• Collected data:
· · · ·

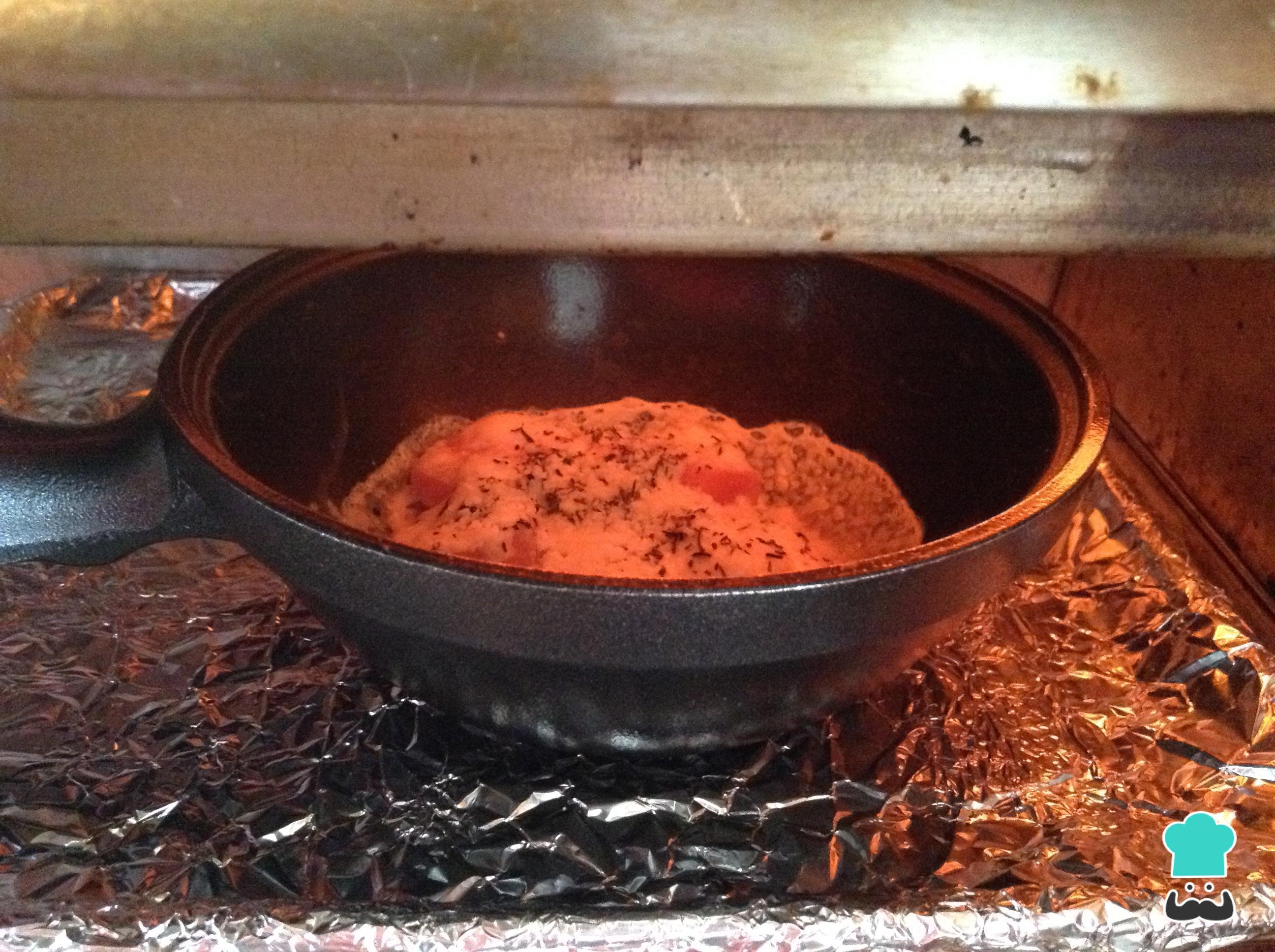 Leve a assar no forno preaquecido a 160ºC até que o queijo gratine, o que demorará cerca de 10 minutos.
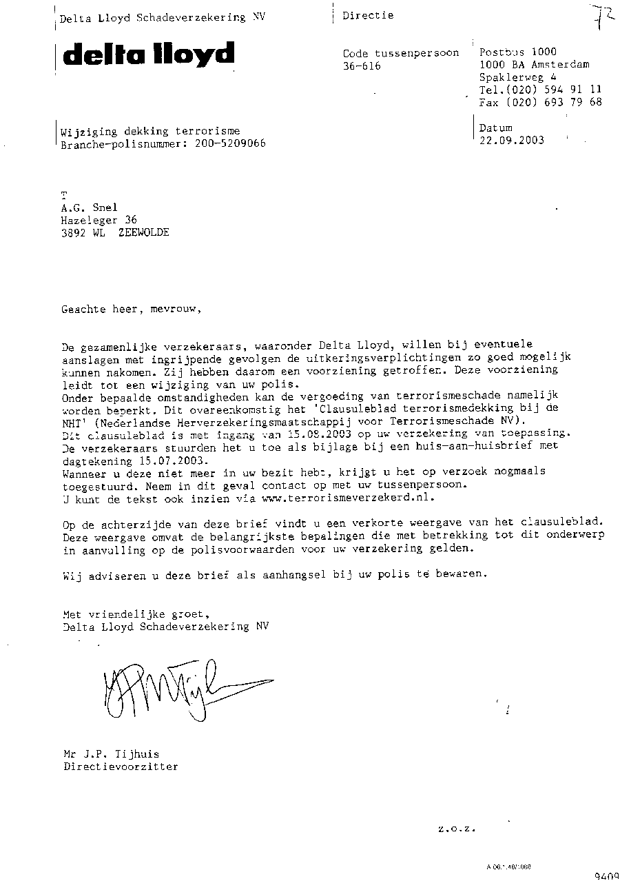 Brief van Delta Lloyd van 22 september 2003 (schadeverzekering aan verzekerde)
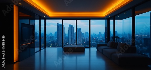 © Rastika, Fototapeta premium Skyline Serenity: Modern Apartment View with Orange Ambient Lighting Accent
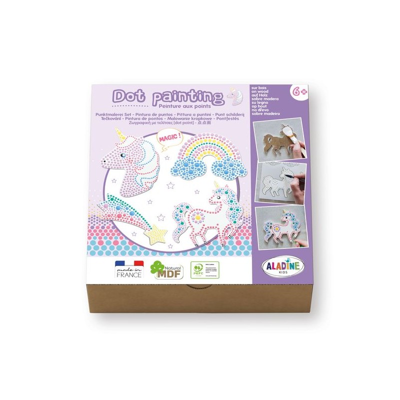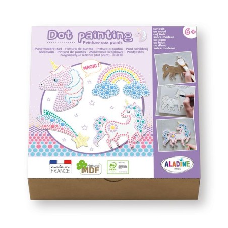 Le coffret Dot Painting Licorne permet aux enfants de s’initier à la décoration créative en découvrant une nouvelle activité tendance, le Dot Painting : peindre avec des points. Ce coffret, permettant de réaliser 4 créations en points de peinture, est une activité à la fois créative et apaisante. Peignez chaque forme pour la colorer de la couleur de votre choix. Faites ensuite les points à l’aide du pochoir et du critérium, puis appliquez la peinture avec les outils de Dot painting permettant de réaliser différentes tailles de points. La peinture et le bois respectent les exigences réglementaires en matière de sécurité (norme jeux/jouets EN71). Les formes à décorer sont en MDF naturel et biosourcé certifié PEFC produit en France. Cette activité est non seulement amusante mais aussi éducative, car elle permet aux enfants de développer leur motricité fine et leur sens de la créativité. Ce coffret fabriqué en France contient 4 formes en medium, 1 pochoir, 8 couleurs de peinture, un critérium, 3 outils pour réaliser les points et 1 pinceau.
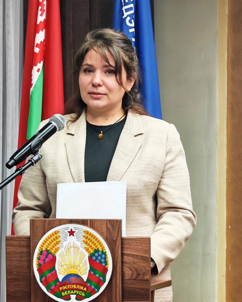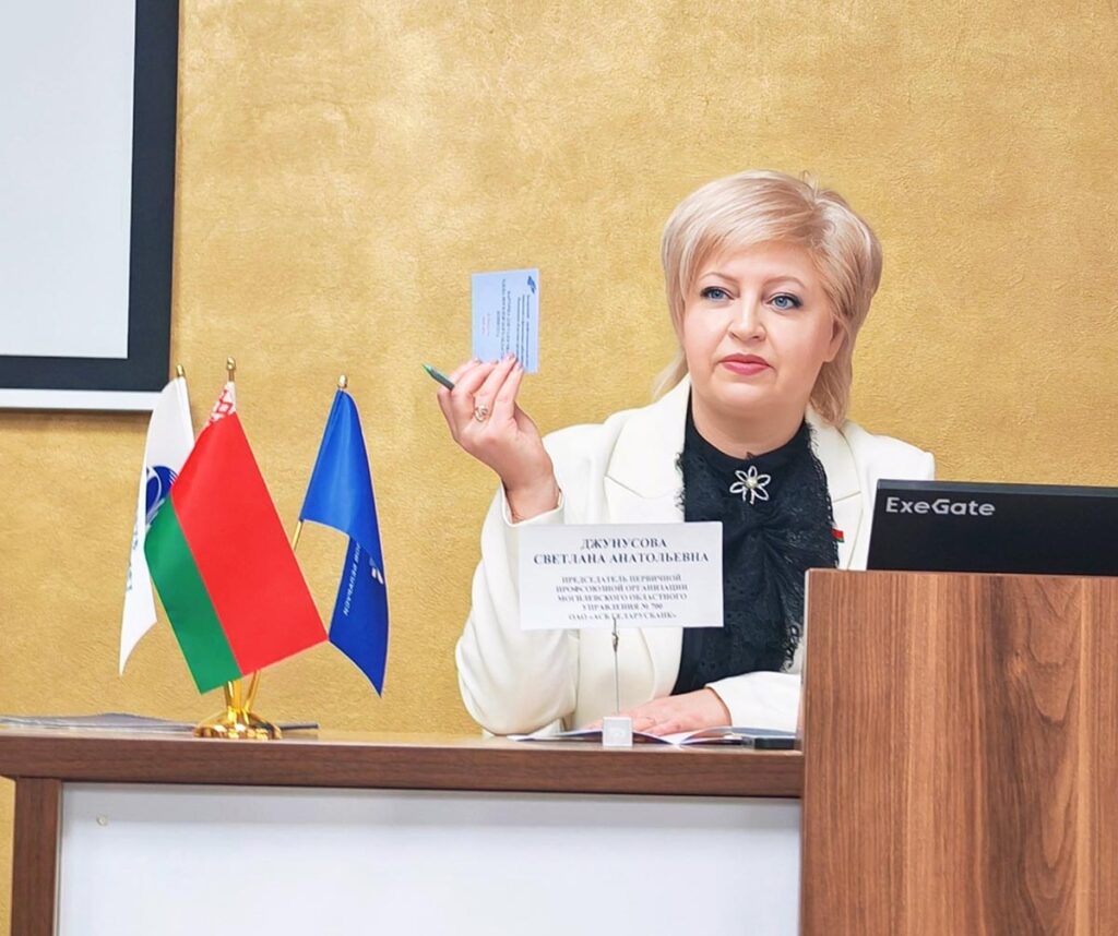 Светлана Джунусова, председатель Первичной профсоюзной организации Могилевского областного управления №700 ОАО АСБ «БЕЛАРУСБАНК», в своем докладе отметила важность работы в области молодежной политики, закрепления молодых специалистов в отрасли, акцентируя внимание на итогах работы за 2025 и планах на 2026 год.

· · · ·

• What the task asks:
Output each entry verbatim; none of the pictures should be included.

• Response:
 Leve a assar no forno preaquecido a 160ºC até que o queijo gratine, o que demorará cerca de 10 minutos.
 Brief van Delta Lloyd van 22 september 2003 (schadeverzekering aan verzekerde)
 © Rastika, Fototapeta premium Skyline Serenity: Modern Apartment View with Orange Ambient Lighting Accent
 Le coffret Dot Painting Licorne permet aux enfants de s’initier à la décoration créative en découvrant une nouvelle activité tendance, le Dot Painting : peindre avec des points. Ce coffret, permettant de réaliser 4 créations en points de peinture, est une activité à la fois créative et apaisante. Peignez chaque forme pour la colorer de la couleur de votre choix. Faites ensuite les points à l’aide du pochoir et du critérium, puis appliquez la peinture avec les outils de Dot painting permettant de réaliser différentes tailles de points. La peinture et le bois respectent les exigences réglementaires en matière de sécurité (norme jeux/jouets EN71). Les formes à décorer sont en MDF naturel et biosourcé certifié PEFC produit en France. Cette activité est non seulement amusante mais aussi éducative, car elle permet aux enfants de développer leur motricité fine et leur sens de la créativité. Ce coffret fabriqué en France contient 4 formes en medium, 1 pochoir, 8 couleurs de peinture, un critérium, 3 outils pour réaliser les points et 1 pinceau.
 Светлана Джунусова, председатель Первичной профсоюзной организации Могилевского областного управления №700 ОАО АСБ «БЕЛАРУСБАНК», в своем докладе отметила важность работы в области молодежной политики, закрепления молодых специалистов в отрасли, акцентируя внимание на итогах работы за 2025 и планах на 2026 год.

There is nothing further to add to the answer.